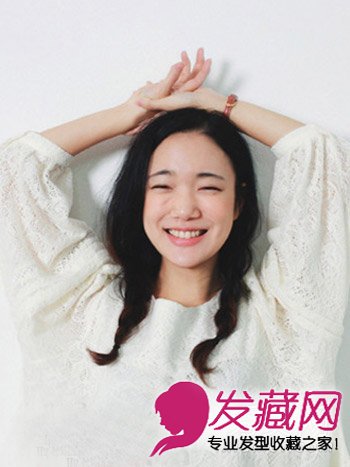 编上两个麻花辫,田园少女气息,松散的发髻在中分
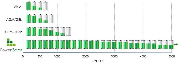 Les batteries PowerBrick+ peuvent être déchargées ou rechargées partiellement, contrairement aux batteries au Plomb qui doivent être totalement rechargées immédiatement après utilisation.
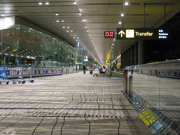 抵達新加坡後要等兩個半小時才能轉機,原先想要用機場的無線網路,結果我的手機當初沒有設定國際漫遊,害我收不到機場傳給我的密碼,只好自己在機場晃晃找樂子。第二次到樟宜機場卻一點印象都沒有,聽說第三航站才剛落成,難怪跟印象中有些不同,而且第三航站裡面就有自己的捷運讓大家節省行走時間,應該讓趕時間的旅客方便許多。
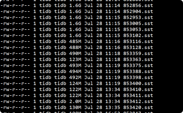 另到 /data/tikv-20160目录,看下文件有哪些。
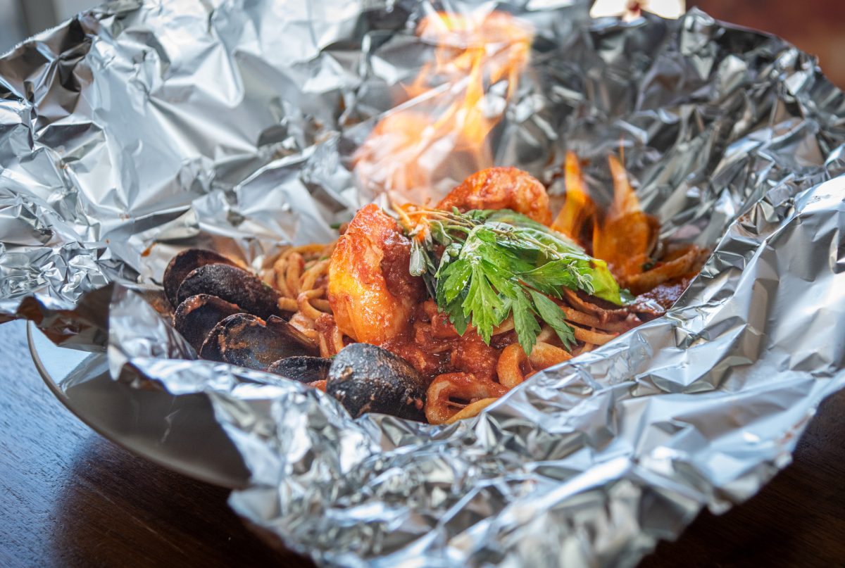 On our two visits we tried four entrees – tagliatelle with wild mushrooms, daily specials of lamb shank and spinach spaghetti amatriciana, and a show-stopping dish called cartoccio di pasta al frutti di mare. Cartoccio translates literally as “bag,” though in Italian cuisine this means wrapping pasta and meat or seafood in aluminum foil and baking it. This arrives at the table still wrapped, and when the server tears the foil, there is a great rush of fragrant steam. In case that wasn’t enough of a show, they then top this with fresh basil and a sprig of rosemary, which they light on fire. I thought this last touch was pure theatre, but it did have an effect, because you could taste a hint of smoky rosemary as you worked your way through the dish. Cooking the noodles and seafood together in a light tomato sauce concentrates the flavors of shellfish, squid, and shrimp, and it would be a must-have even if the presentation wasn’t so impressive. Note that the portion is very generous – this really would be a good entrée for two rather than one person.

□ □ □ □ □ □ □

▶ _Assignment_
Print the listing above in full, exactly as written. Omit any pictures.

▶ _Written response_
 编上两个麻花辫,田园少女气息,松散的发髻在中分
 Les batteries PowerBrick+ peuvent être déchargées ou rechargées partiellement, contrairement aux batteries au Plomb qui doivent être totalement rechargées immédiatement après utilisation.
 抵達新加坡後要等兩個半小時才能轉機,原先想要用機場的無線網路,結果我的手機當初沒有設定國際漫遊,害我收不到機場傳給我的密碼,只好自己在機場晃晃找樂子。第二次到樟宜機場卻一點印象都沒有,聽說第三航站才剛落成,難怪跟印象中有些不同,而且第三航站裡面就有自己的捷運讓大家節省行走時間,應該讓趕時間的旅客方便許多。
 另到 /data/tikv-20160目录,看下文件有哪些。
 On our two visits we tried four entrees – tagliatelle with wild mushrooms, daily specials of lamb shank and spinach spaghetti amatriciana, and a show-stopping dish called cartoccio di pasta al frutti di mare. Cartoccio translates literally as “bag,” though in Italian cuisine this means wrapping pasta and meat or seafood in aluminum foil and baking it. This arrives at the table still wrapped, and when the server tears the foil, there is a great rush of fragrant steam. In case that wasn’t enough of a show, they then top this with fresh basil and a sprig of rosemary, which they light on fire. I thought this last touch was pure theatre, but it did have an effect, because you could taste a hint of smoky rosemary as you worked your way through the dish. Cooking the noodles and seafood together in a light tomato sauce concentrates the flavors of shellfish, squid, and shrimp, and it would be a must-have even if the presentation wasn’t so impressive. Note that the portion is very generous – this really would be a good entrée for two rather than one person.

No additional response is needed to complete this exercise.